楊瑩瑩一臉驚喜的樣子,她眼中含著淚水,先是和周圍人抱了一下,才緩緩走上台去。
“太意外了!”
楊瑩瑩捂著自己的嘴巴,有些語無倫次的樣子。
蘇沫搖搖頭,她自然沒有忽略掉楊瑩瑩嘴角的那絲得逞的笑容,禁不住笑了一下:“這玉蘭獎也越來越沒有意思了。”
厲北爵雙手搭在腿前,他一雙長腿好似在麵前狹小的空間裏都裝不下了:“其實本來的獲獎者是你。”
他清清淡淡的。
一句話把蘇沫震驚住了,她呆了好久,才僵硬的轉動自己的脖子去看厲北爵:“你——你說什麽?”
“新人獎沒有什麽意思,我便讓他們取消了。”
男人閉上眼睛,台上的楊瑩瑩開始職業的感謝致辭,蘇沫恍惚的睜大口:“為什麽要征求你的意見?”
“玉蘭獎是我投資的。”
蘇沫眼前一花,原來每一屆的得獎主角都是厲北爵決定的,這個事實,她消化了好久都沒有緩過來。
她沒有想到,原來圈子裏這些獎已經和利益牽扯得這麽深了。
在她心裏,玉蘭獎一直是一個極有地位的獎項,但是現在它在蘇沫心中的地位已經深深的動搖了。
蘇沫簡直難以置信,直到典禮結束,她還處在怔愣狀態中,看著自己身邊雲淡風輕,平淡如水的男人。
“還有沒有什麽事,是你辦不到的?”
蘇沫下意識的問出口。
厲北爵小心的護著她,避免她發怔時候被那些人撞到,想了一下:“也許有吧,眼前就一件。”
蘇沫搖搖頭,沒有再繼續問下去,她揉著自己的額頭,看來自己還是太簡單了,她總是低估厲北爵,所以才會一次又一次的被男人吃的死死的。
兩人往外走,典禮結束以後,會有酒會,不過厲北爵看著時間晚了,便想帶著蘇沫直接離去。
哪知道,在門口就被人堵住了。
厲北爵晃晃蘇沫的肩膀,蘇沫回神,這才看清麵前擋路的人是蘇傾城,想到她的所作所為,蘇沫也擺不出好臉色。
“好狗不擋路,讓開。”
惡聲惡氣。
蘇沫越過蘇傾城就要走。
蘇傾城卻故意的晃著自己手中的獎杯,炫耀一般親了一下,看著蘇沫的表情很是憐憫:“哎呀,我的姐姐一個獎項都沒有得到呢。真是可憐,虧你還是凰笙的主角。”
看著她捧著那座獎杯視若珍寶的樣子,蘇沫笑了一下:
而後抬起頭來,她上前一步,直接捏住蘇傾城的下巴:“這獎杯是你爬了不少男人的床才得來的吧?”

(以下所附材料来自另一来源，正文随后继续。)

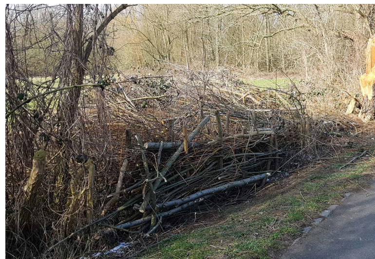
Abbildung 75: Die Fußgängerbarriere kurz nach ihrer Errichtung

Um die empfindlichen Grünlandbereiche der Saarer Ruhraue vor Tritt und Stickstoffeintrag durch Hunde und deren Nutzungsspuren zu schützen, beauftragte

蘇傾城被她捏的疼了,叱責一聲:“你幹什麽!放手!這麽多人在看著!”
“那不過是我不要的東西,拿著我不要的東西,來跟我炫耀?蘇傾城,你是有多不自信?”
蘇沫好整以暇,甩開她的臉,退開一步。
她拍拍自己的手,順帶有些嫌棄的說著:“嘖嘖,你臉上這個粉底都有一斤厚了吧。”
蘇傾城白皙的臉上頓時浮現出兩個印子,她摸了一下自己的臉,蘇沫的話卻讓她有些吃驚:“你根本就得不到,所以才在那裏吃不到葡萄就說葡萄酸吧。”
蘇沫看著她已經隱隱有些氣急敗壞的樣子,瞅了一眼站在旁邊不發一語的厲北爵,蘇沫直接把人拉過來。
自己依偎進他懷裏,甜蜜的樣子:“我想要什麽都會有,他——”
一指指在厲北爵的胸口上,蘇沫不屑地看向蘇傾城:“都會給你,我不費吹灰之力,而你就隻能夠流連在那些老男人的**。”
蘇沫這個時候隻想著讓蘇傾城心裏膈應,也沒有顧忌其他,她把厲北爵的身子拉低,對準對方的左臉,“啾”的一聲。
親了上去!
“你就永遠陪著那些老男人吧。”
蘇沫還沒有意識到什麽,而她的話恰恰好就戳在蘇傾城的痛處,她永遠也得不到蘇沫的所有,就像現在站在蘇沫身邊的那個男人。